BEGIN
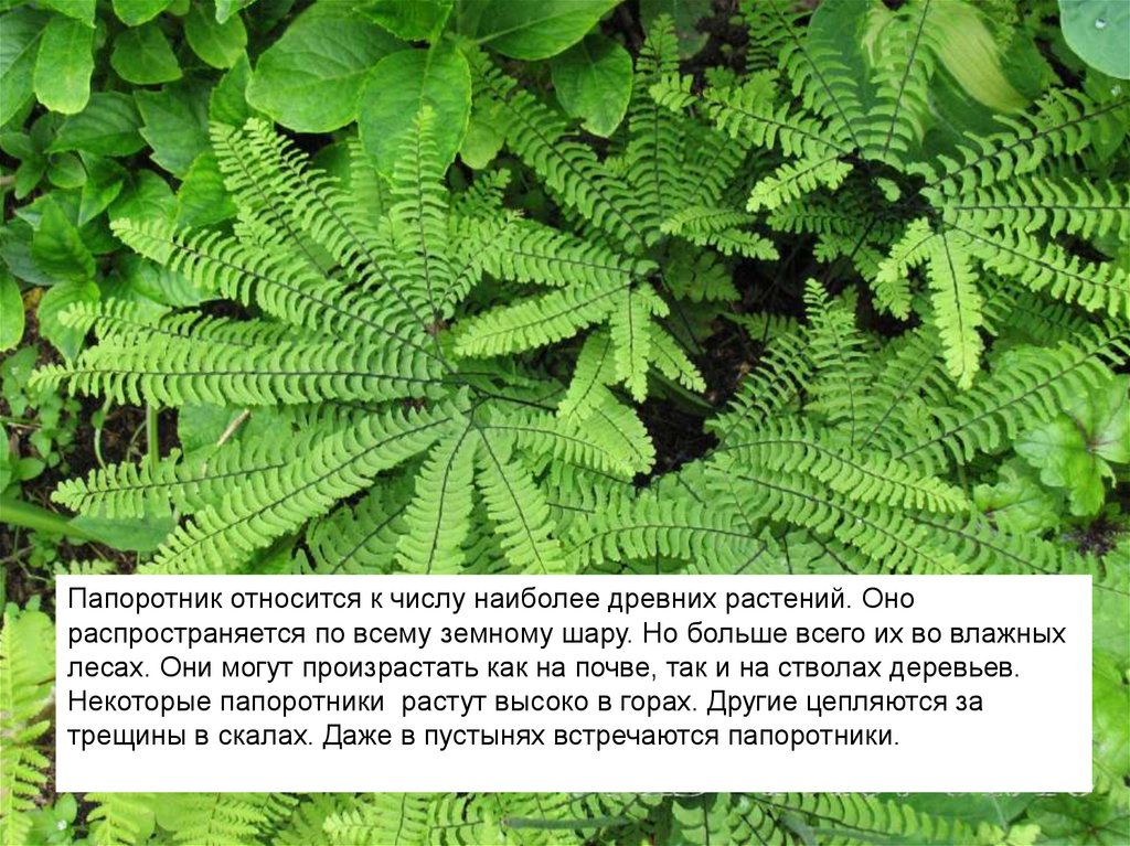 Папоротник относится к числу наиболее древних растений. Онораспространяется по всему земному шару. Но больше всего их во влажных
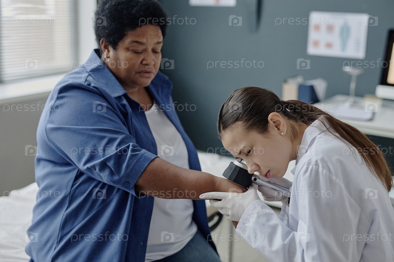 Чернокожая женщина среднего возраста проходит дерматологическое исследование кожи у врача
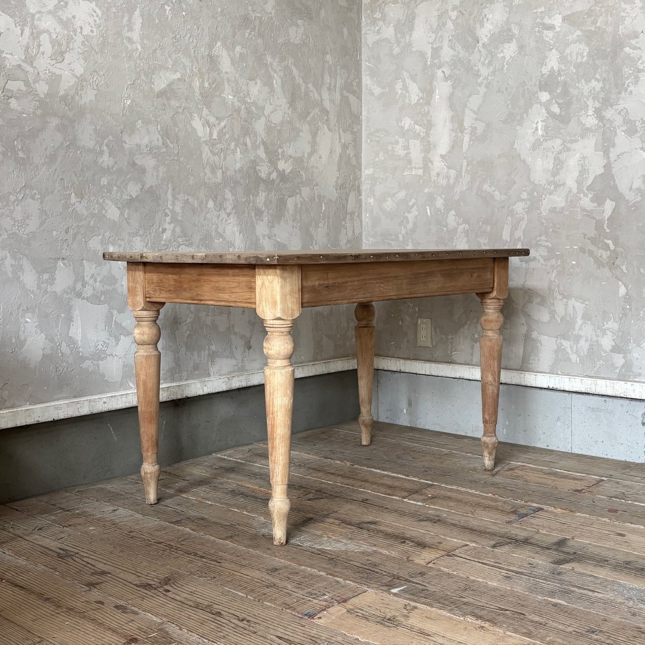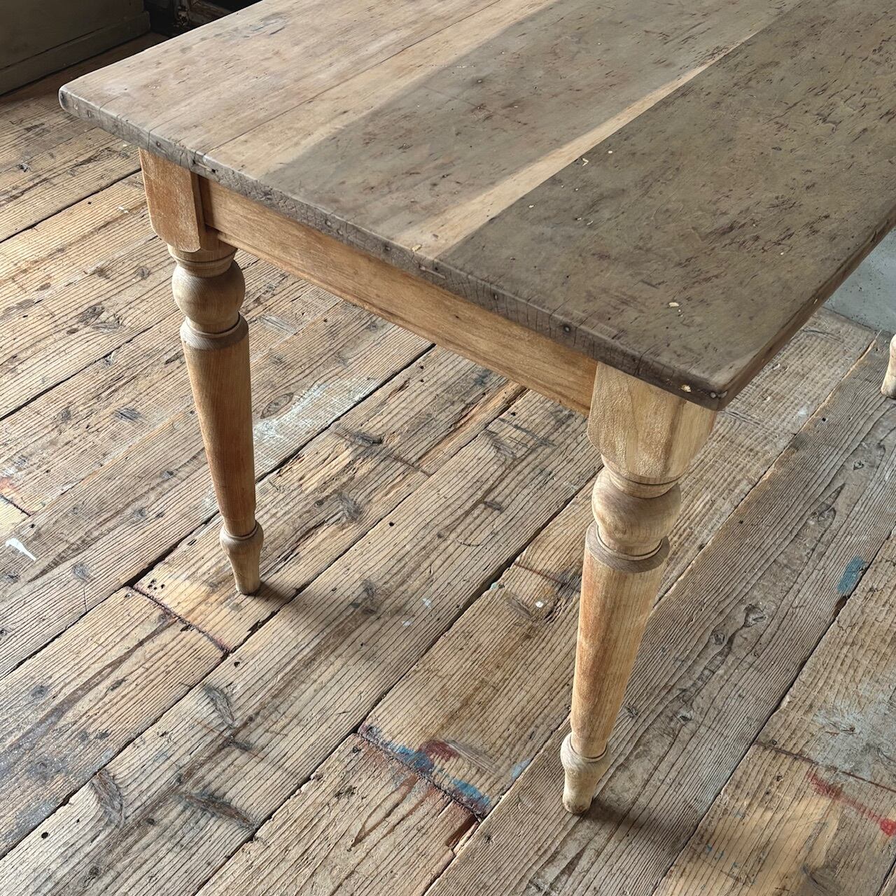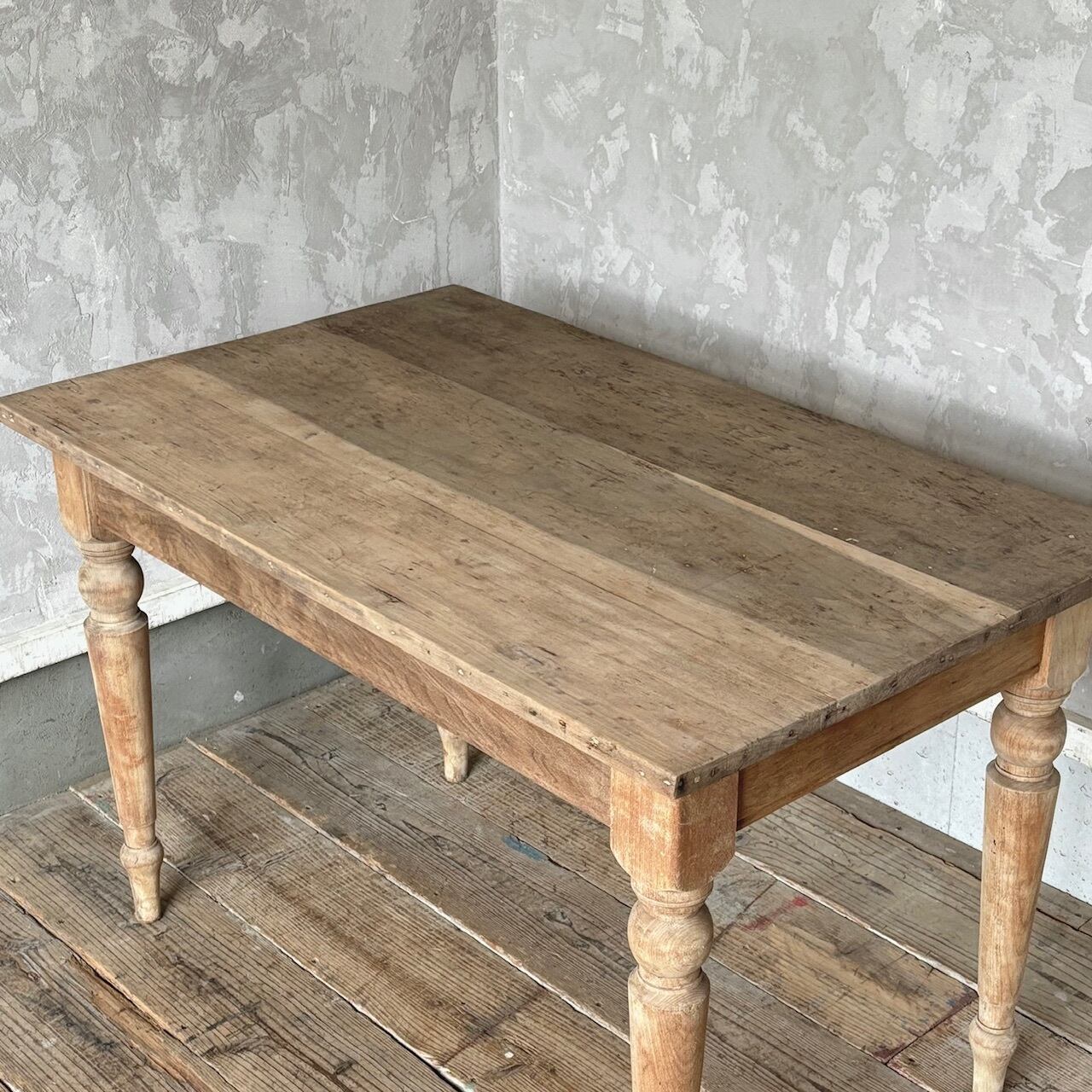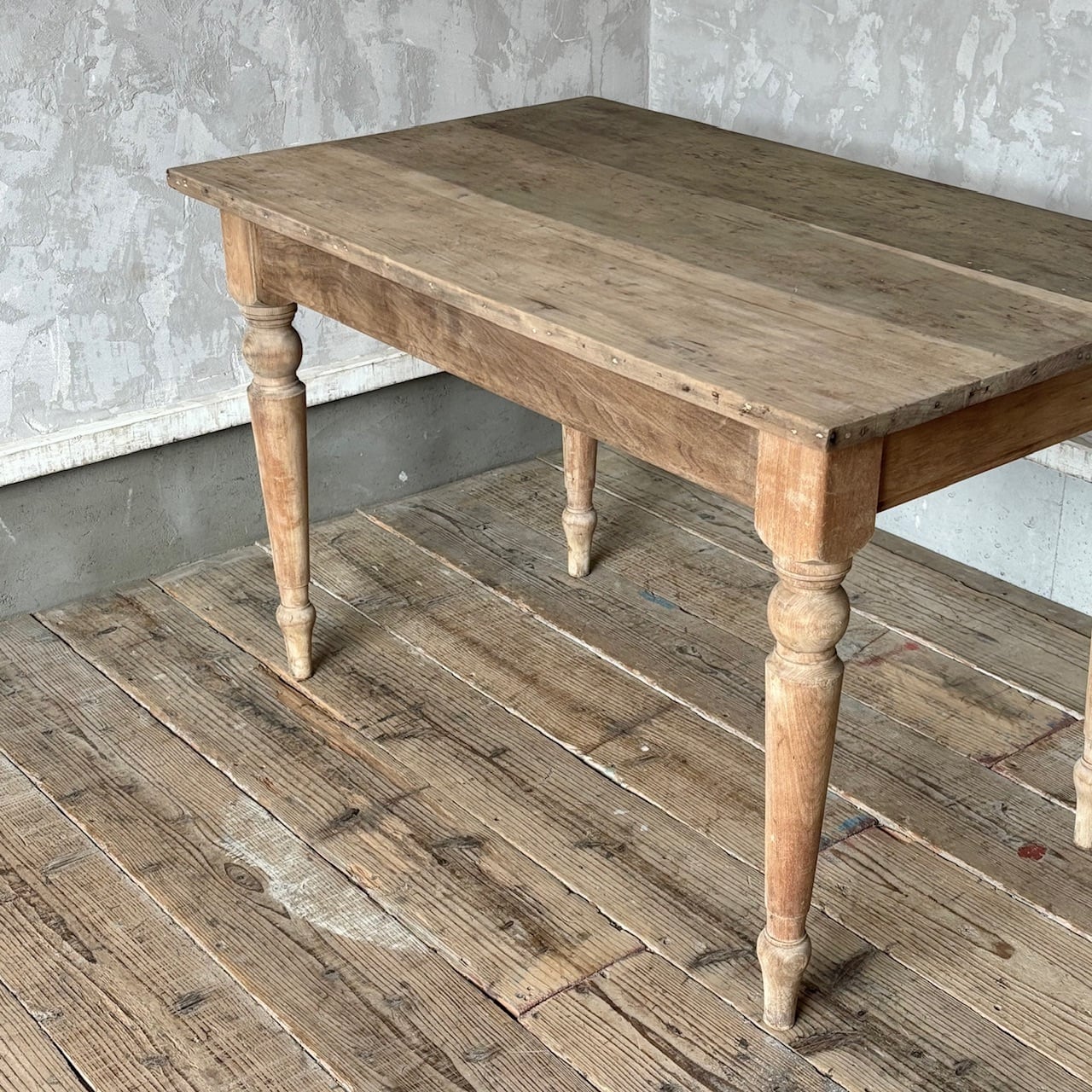 2〜4人掛け位のサイズ感のテーブル。力強さを感じる無駄のないデザインとしっかりとしたつくりで、経年した味わい深い木の表情も良い雰囲気です。高さ調整の脚のカットは可能です。
END
### Instructions for the task:
For this exercise, reproduce the data above exactly from the line containing "Чернокожая женщина среднего" through its final line, both ends included, with no pictures in the copy.

### Reply to the task:
 Чернокожая женщина среднего возраста проходит дерматологическое исследование кожи у врача
 2〜4人掛け位のサイズ感のテーブル。力強さを感じる無駄のないデザインとしっかりとしたつくりで、経年した味わい深い木の表情も良い雰囲気です。高さ調整の脚のカットは可能です。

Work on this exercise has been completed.